2010-2011 Season

This season included productions of FABRIC, FLAMES, AND FERVOR: GIRLS OF THE TRIANGLE, HUNTING THE BASILISK, and FAILURE IS IMPOSSIBLE. In addition, our community and educational outreach programs continued to expand, including a new middle school version of our touring show CHOICES: AN INTERACTIVE PLAY ON CYBERBULLYING AND SUICIDE. We were also honored to host FAITH STORIES PROJECT participant Juana Herlinda Yak, when she visited this country as a guest of the Presbyterian Church.

Starting that Fall, we collaborated with students from Fern Creek High School on revising our CHOICES script to be more appropriate for younger students. The resulting new middle school version of CHOICES was then toured with those same students as actors in the performances.

March of 2011 saw our return to NYC to participate in the Centennial Remembrances of the Triangle Shirtwaist Factory Fire. As part of these remembrances, we performed FABRIC, FLAMES, AND FERVOR: GIRLS OF THE TRIANGLE at Manhattan Theatre Source (where we had premiered our 2nd play back in 2003), just three blocks from the original factory. n preparation, LFL performed the show at Shelby County Community Theatre in Kentucky. When performing in Manhattan, it was especially poignant and heartbreaking when we found ourselves performing the scenes of the tragic fire itself for the matinee performance - knowing that as we enacted jumping out the windows of the upper floors of the factory, that the real women, men and girls that jumped to their deaths in the actual fire had been doing so exactly 100 years ago, from the windows of a building just steps away, across Washington Square Park from where we were performing.

Early that summer, we again produced an already-scripted show, J. Shafer’s HUNTING THE BASILISK, which explores themes of truth, history, and the often-overlooked narratives of women.

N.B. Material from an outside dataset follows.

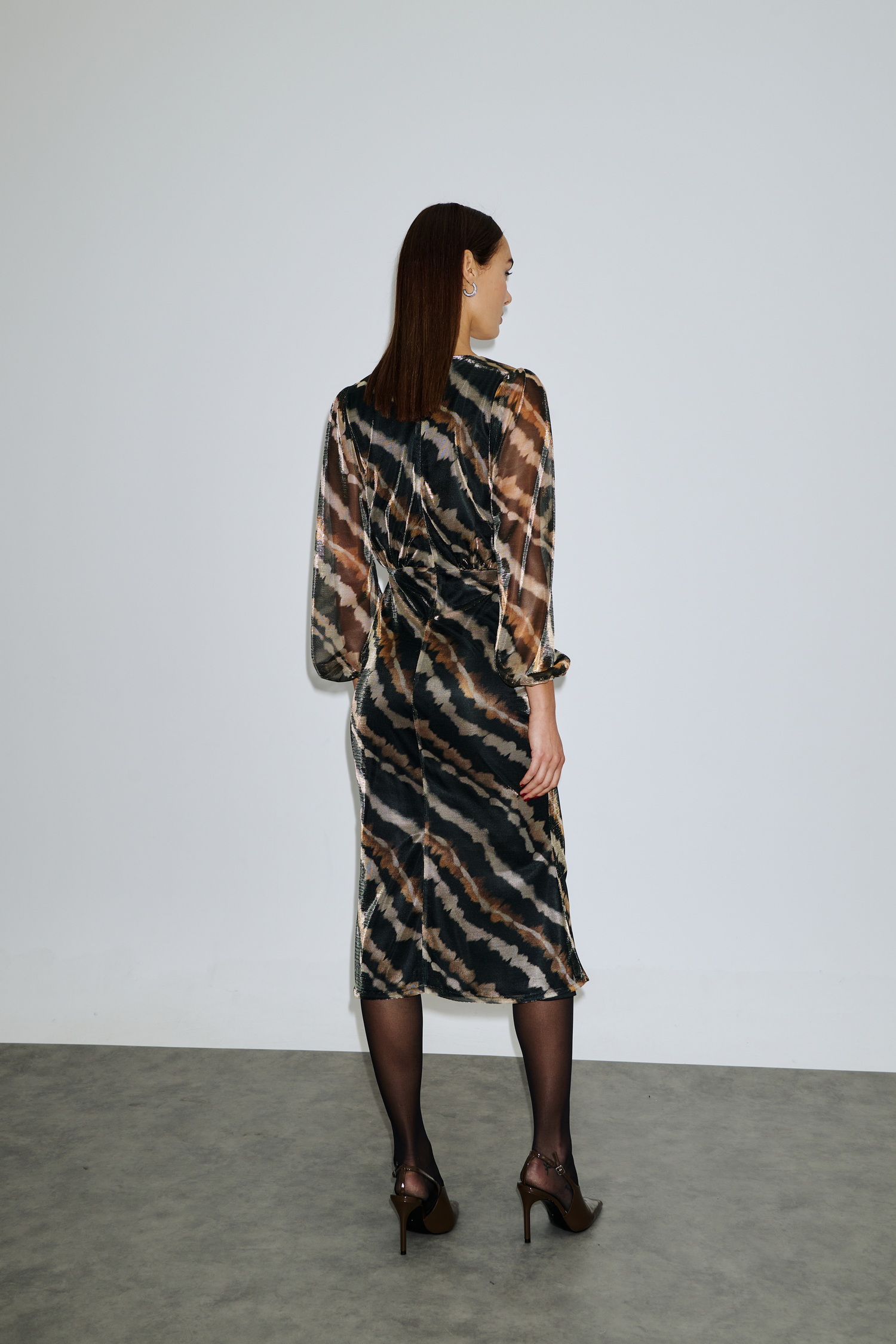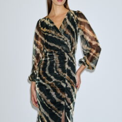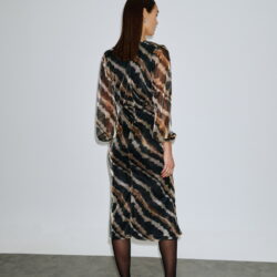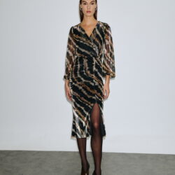 Midi φόρεμα με ιδιαίτερο animal print σε αποχρώσεις μαύρου, καφέ και μπεζ, από ελαφρώς ελαστικό ύφασμα με shine υφή. Διαθέτει ιδιαίτερη πλισέ/σούρα λεπτομέρεια μπροστά, που αγκαλιάζει το σώμα και προσθέτει εφέ κίνησης. Τα balloon μανίκια σε see-through ύφασμα χαρίζουν romantic touch, ενώ το άνοιγμα μπροστά στη φούστα εξασφαλίζει άνεση και πιο θηλυκό look. Το φόρεμα είναι ιδανικό για βραδινές εξόδους αλλά και statement εμφανίσεις στο γραφείο.

This new play, reminiscent of Beckett's Endgame, brings together four women from different time periods (from the French renaissance to the Civil War to the early 2000s), who find themselves trapped in a limbo-esque house together, with the basilisk outside. Trying to avoid this danger, the women stumble upon locked books containing their life stories, which they must explore together.

Late that summer, we were invited to Fort Knox to perform the suffragist-themed short play, FAILURE IS IMPOSSIBLE by Rosemary H. Knower in honor of Women's Equality Day on August 26th. This play brought together texts from many of the most important activists fighting for women's suffrage over the decades leading up to the passing of women's voting rights in the USA through the 19th Amendment in 1920. This constitutional Amendment, ratified on August 18, 1920, and certified on August 26, 1920, prohibits the U.S. federal and state governments from denying citizens the right to vote on the basis of sex.